What is the difference between a consistent estimator and an unbiased estimator?

The precise technical definitions of these terms are fairly complicated, and it's difficult to get an intuitive feel for what they mean. I can imagine a good estimator, and a bad estimator, but I'm having trouble seeing how any estimator could satisfy one condition and not the other.

Best Answer

To define the two terms without using too much technical language:

  • An estimator is consistent if, as the sample size increases, the estimates (produced by the estimator) "converge" to the true value of the parameter being estimated.

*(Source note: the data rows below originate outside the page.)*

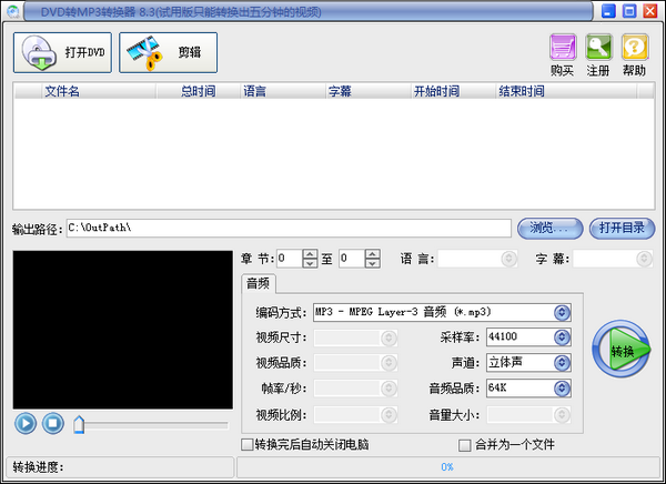 DVD转MP3转换器是一款功能强大的把DVD光盘输出音频的转换软件,它可以快速高质量地从DVD光盘中提取音频输出MP3,WMA,WAV,AAC,M4A等格式。它可以单独从DVD光盘中提取想要的精彩片段,也可以把多个片段合并输出一个文件。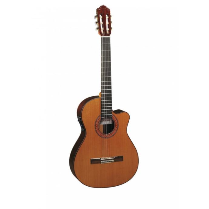 Almansa CW435E8 elektro-klasična gitara. 6-žičana gitara koju možete priključiti na pojačalo zahvaljujući Fishman Prefix Pro Blend pickup sistemu. Top Almansa CW435E8 elektro klasične gitare izrađen je od čvrstog crvenog cedra, zadnja ploča i bočne strane su od indijskog palisandera, vrat je od mahagonija ojačan ebanovinom, a hvataljka je od drveta ebanovine.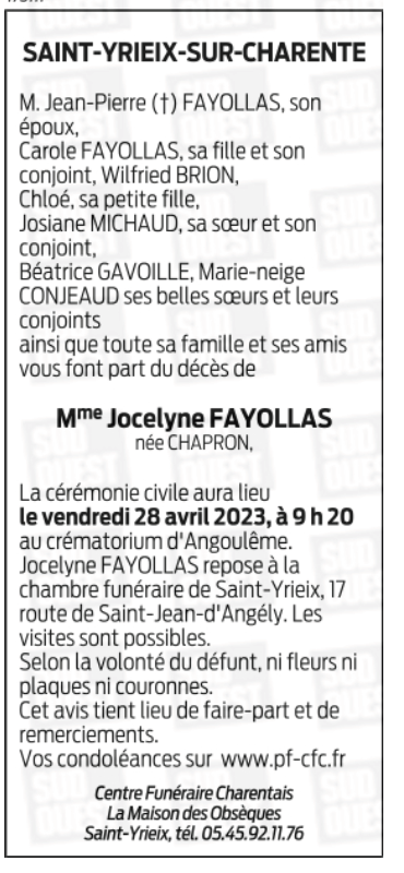Cet espace « condoléances » est dédié à la mémoire de Madame MARIE-ANNE JOCELYNE FAYOLLAS née CHAPRON.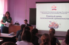 22 сентября для обучающихся 8-10 классов прошла информационная акция в рамках Единого дня пенсионной грамотности. Руководитель группы пенсионных прав застрахованных лиц Муртазина Айгуль Рустамовна выступила с презентацией "Пенсионное обеспечение в РФ" . Для более подробной информации с организацией работы структурных подразделений ПФР и его основных функций, предложила всем желающим буклеты и тематическую литературу.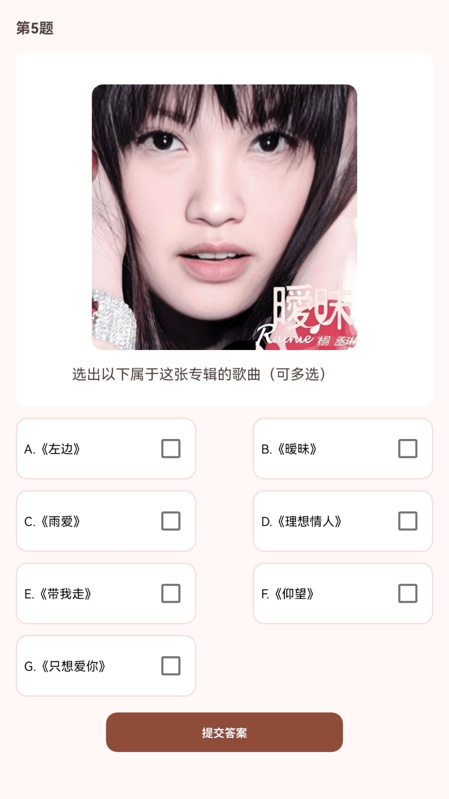 3、答题可是不存在时间限制,可以慢慢的挑战,还能依据歌曲旋律,以及歌词猜一下。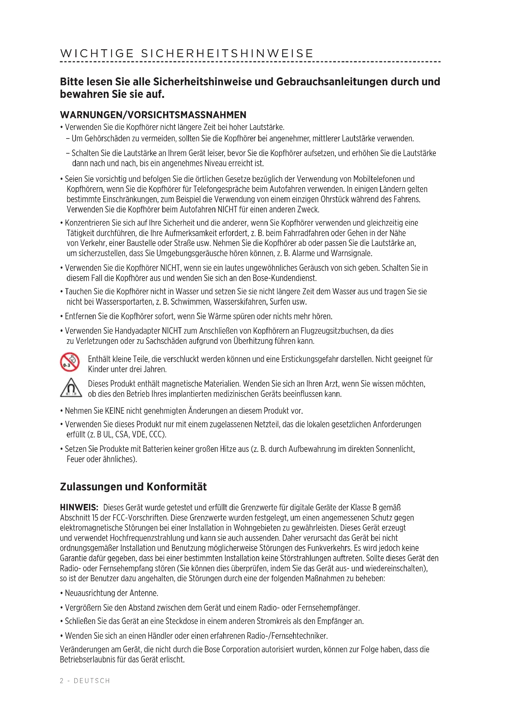 Dieses Gerät erfüllt die Bestimmungen in Teil 15 der FCC-Vorschriften und die lizenzfreien Standards von Industry Canada. Der Betrieb unterliegt den beiden folgenden Bedingungen: (1) dieses Gerät darf keine Störungen verursachen und (2)dieses Gerät muss jegliche Störungen dulden, einschließlich Störungen, die zu einem unerwünschten Betrieb führen. Dieses Gerät erfüllt die Strahlungsexpositionsgrenzwerte der FCC und von Industry Canada für die allgemeine Bevölkerung. Es darf nicht zusammen mit anderen Antennen oder Sendern aufgestellt oder betrieben werden. Erfüllt die IMDA-Anforderungen. CAN ICES-3 (B) /NMB-3 (B) Verwaltungsverordnung für energiearme Funkfrequenzgeräte Artikel XII Laut der „Verwaltungsverordnung für energiearme Funkfrequenzgeräte“ darf kein Unternehmen oder Benutzer ohne Erlaubnis durch die NCC Folgendes nicht: die Frequenz ändern, die Übertragungsleistung verbessern oder die ursprünglichen Eigenschaften sowie die Leistung für ein zugelassenes energiearmes Funkfrequenzgerät ändern. Artikel XIV Energiearme Funkfrequenzgeräte dürfen die Flugsicherheit nicht beeinträchtigen oder gesetzlich zulässige Kommunikation stören. Andernfalls muss der Benutzer den Betrieb sofort einstellen, bis keine Störung mehr auftritt. Besagte gesetzlich zulässige Kommunikation bedeutet Funkkommunikation, die in Übereinstimmung mit dem Telekommunikationsgesetz erfolgt. Energiearme Funkfrequenzgeräte müssen für Störung durch gesetzlich zulässige Kommunikation oder Geräte mit ISM-Funkwellenstrahlung empfänglich sein. Die Bose Corporation erklärt hiermit, dass dieses Produkt die wesentlichen Anforderungen und andere relevante Bestimmungen der Richtlinie 2014/53/EU und weitere geltende EU-Richtlinien erfüllt. Dievollständige Konformitätserklärung ist einsehbar unter www.Bose.com/compliance Für Europa: Frequenzband des Betriebs 2.400 bis 2483,5 MHz. Bluetooth®: Maximale Sendeleistung weniger als 20 dBm EIRP. Bluetooth Low Energy: Maximale spektrale Leistungsdichte weniger als 10 dBm/EIRP. Dieses Symbol bedeutet, dass das Produkt nicht mit dem Hausmüll entsorgt werden darf, sondern bei einer geeigneten Sammelstelle für das Recycling abgegeben werden muss. Die ordnungsgemäße Entsorgung und das Recycling tragen dazu bei, die natürlichen Ressourcen, die Gesundheit und die Umwelt zu schützen. Weitere Informationen zur Entsorgung und zum Recycling dieses Produkts erhalten Sie von Ihrer zuständigen Kommune, Ihrem Entsorgungsdienst oder dem Geschäft, in dem Sie dieses Produkt gekauft haben. Leere Batterien müssen getrennt entsorgt werden und gehören nicht in den Hausmüll. Nicht verbrennen. Das Herausnehmen des aufladbaren Lithium-Ionen-Akkus aus diesem Produkt sollte nur durch einen Fachmann erfolgen. Bitte wenden Sie sich für weitere Informationen an Ihren örtlichen Bose-Händler oder sehen Sie unter http://products.bose.com/static/compliance/index.html nach.4 - DEUTSCH

To be slightly more precise - consistency means that, as the sample size increases, the sampling distribution of the estimator becomes increasingly concentrated at the true parameter value.

  • An estimator is unbiased if, on average, it hits the true parameter value. That is, the mean of the sampling distribution of the estimator is equal to the true parameter value.

  • The two are not equivalent: Unbiasedness is a statement about the expected value of the sampling distribution of the estimator. Consistency is a statement about "where the sampling distribution of the estimator is going" as the sample size increases.

It certainly is possible for one condition to be satisfied but not the other - I will give two examples. For both examples consider a sample $X_1, ..., X_n$ from a $N(\mu, \sigma^2)$ population.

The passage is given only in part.